It is a good thing the ever-cool First Lady Michelle Obama arrived when she did, because the other American visitor to London this week stunk up the place. From the Olympics comments, to his awkward meeting with Prime Minster David Cameron, the presumptive Republican presidential nominee Mitt Romney hasn’t exactly started off his foreign tour with a bang. As the quick-witted Andrew Exum tweeted yesterday, “When British ‘conservatives’ are up in arms at what you said, it kind of defeats the purpose of the whole trip.”
Romney’s performance during the second and third stops on his itinerary, Israel and Poland respectively, should go more smoothly. But if you can’t even mildly impress our English cousins across the pond, one wonders who in the world would welcome Mitt’s not only affable and easy-going charm, but more importantly, his hawkish, albeit nebulous, foreign policy outlook. Here are five countries that might actually welcome a visit from the man looking to unseat President Obama (N.B. I reserve the right to mention countries included on his present foreign tour):
1. Israel: There is no better friend to Israel than Mitt Romney, and having been chided by the likes of Cameron and London Mayor Boris Johnson, Romney will undoubtedly welcome the warmer embrace of close friend Prime Minister Benjamin Netanyahu. Romney has made plain his stance on Iran, which he called the “most severe security threat” the world faces at a speech to the Veterans of Foreign Wars this week (it’s hard to keep up with Romney’s flavor of the month, by the way. I thought Russia occupied the “most severe” category?)
Romney has also criticized President Obama for “undermining” Israel’s position in the world and for “lecturing” their leaders, a charge the Netanyahu crowd is certain to quietly applaud. As for the Palestinian question, Romney has been characteristically unclear. Though he plans to meet with Prime Minister Salam Fayyad during his visit, it is unlikely he has any affinity for a two-state solution, particularly given the backing by Sheldon Adelson.
2. Germany: Though Chancellor Angela Merkel was reportedly unavailable to meet with Romney; German businesses have been making sizeable donations to his campaign. Pharmaceutical conglomerate Bayer has contributed the most at over $300,000, while Deutsche Bank has reportedly contributed over $86,000. Though Romney has hinted at support for a trans-Atlantic free trade agreement, which Merkel would surely welcome, he has made no mention of how he -- as president -- would address the ongoing euro zone crisis, in which the U.S. is inevitably entangled. President Obama remains popular in Germany, but clashes over euro policy have certainly soured the Merkel/Obama entente. The Chancellor’s center-right, strict austerity outlook might find a willing partner in Romney.

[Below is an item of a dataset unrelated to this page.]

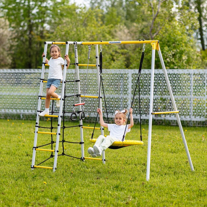 ROMANA «Качели Гнездо» — отличный способ развлечь детвору на даче или в саду загородного дома, когда собирается компания друзей. Допустимая нагрузка — 100 кг. Качели сочетаются с детскими игровыми комплексами ROMANA. Они легко устанавливаются и снимаются с перекладины благодаря карабинам со втулкой. Также качели можно настраивать по высоте для максимального удобства ребенка. ROMANA «Качели Гнездо» — прекрасный выбор, чтобы разнообразить активный отдых на природе!

3. Vietnam: What a shame Romney clearly didn’t read Robert Kaplan’s must-read piece in The Atlantic on Vietnam as America’s secret weapon in thwarting China’s rise before planning his foreign tour. Otherwise, he might have met a warm reception. China of course is also on the Romney list of “greatest strategic threats,” but there’s nothing facetious about the China-Vietnam debacle. Kaplan says it best: “The Vietnamese fear of China is profound precisely because Vietnam cannot escape from the embrace of its gargantuan northern neighbor, whose population is 15 times as large. Vietnamese know that geography dictates the terms of their relationship: they may win the battle, but then they are always off to Beijing to pay tribute. That kind of situation is alien to a virtual island nation like America.” The China section of Romney’s VFW speech would have gone over well in Ho Chi Minh City.
4. Poland: Much (though not enough) has been made of Romney’s decidedly Cold War foreign policy outlook. Russia was the first to top Romney’s list as America’s “number one geopolitical foe,” so a trip to Poland might seem like a logical choice for the GOP candidate. But Peter Beinart in a recent column made another good point. A trip to Warsaw to condemn Moscow allows Romney to “audition for the role every Republican presidential candidate has been trying to play since the Cold War’s end: Ronald Reagan.” Whether or not that comparison is an apt one (not), it is a chance for Romney to highlight an alliance “rich in history,” as well as an opportunity for him to “point to the country’s economic success, which he will say stems from free market principles and capitalism.” Romney arrives in Poland at the invitation of former Polish President and Nobel Prize winner Lech Walesa, the great anti-communist crusader.
5. India: The U.S. expects much (perhaps unreasonably) out of India. We would like it to be ready for a conflict with China, put pressure on Iran, help with the transition out of Afghanistan, and keep a watchful eye on Pakistan, to name but a few “demands.” And despite our mutual interest in all of the above, relations with India never seem particularly cozy. A Romney presidency that unequivocally condemns China, Iran and Pakistan, and for the moment, seems unclear about the next move in Afghanistan, might be appealing to Indian officials. President Obama has proven to be a thoughtful and measured partner, but Romney’s promises of even stronger U.S.-India ties might prick up a few ears in New Delhi.